Save for Iowa, where devastating weather negatively impacted the pheasant population, the remainder of the core pheasant powerhouses - the Dakotas, Kansas, Minnesota and Nebraska - will provide great opportunities for you to slide roosters into your vest this fall. The good news is easy to digest: South Dakota has its highest pheasant numbers in 45 years with over 2 million roosters harvested there last year; Kansas had its highest harvest since 1987 and numbers this year are expected to be higher; Minnesota had its highest harvest since 1964 in 2007 and looks to again have a strong pheasant population.

The bad news doesn't go down so easy. Unfortunately, because of massive habitat losses, mostly from recently expired Conservation Reserve Program (CRP) contracts, the sun may be setting on "the modern good ol' days" of pheasant hunting. Over 800,000 CRP acres are already gone from the Dakotas, and millions more acres are set to expire across the pheasant range in the coming years. Given today's current agricultural climate, many expiring acres are expected to be lost to row crop conversion.

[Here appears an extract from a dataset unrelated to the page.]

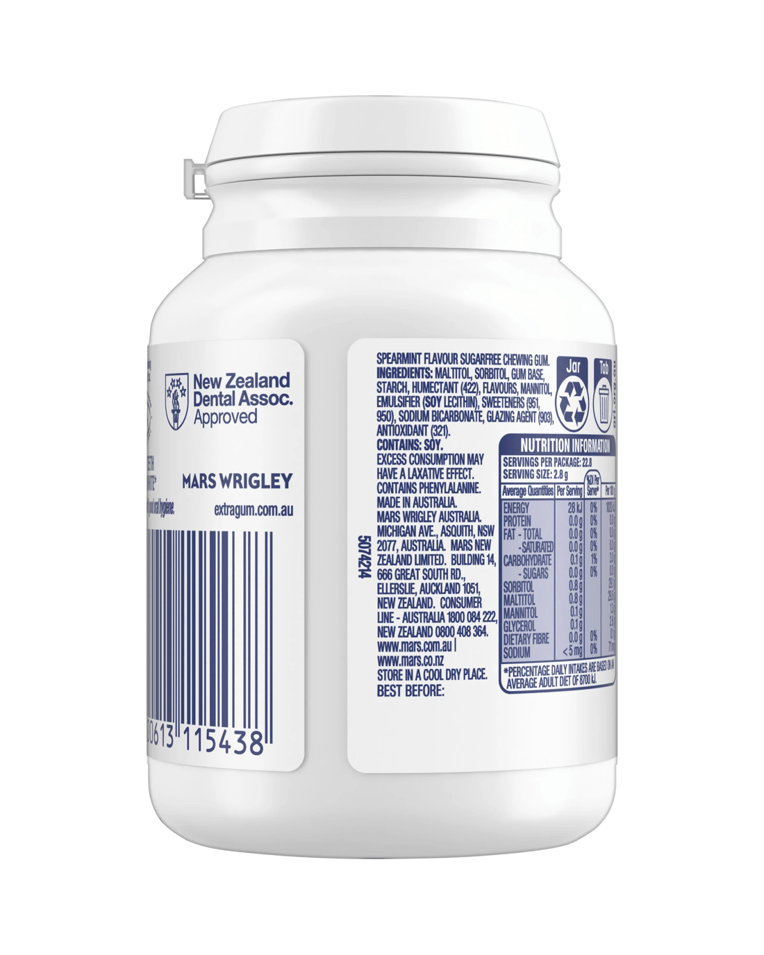Sold by KmartWrigley's 46 Piece Extra White Spearmint Sugar Free Chewing Gum 64g

Fortunately, CRP was reauthorized by the 2008 federal Farm Bill, and Pheasants Forever will continue working to establish a dynamic and economically competitive CRP going forward. The new continuous, state-specific CRP program - State Acres For wildlife Enhancement (SAFE) - and the early success of that program in states like South Dakota and Minnesota, indicates landowner support for CRP remains strong. Yes, 2008 may be the end of the recent run of spectacular phe asant numbers, but at Pheasants Forever, we're already working to create the next run of "good ol' days."


----------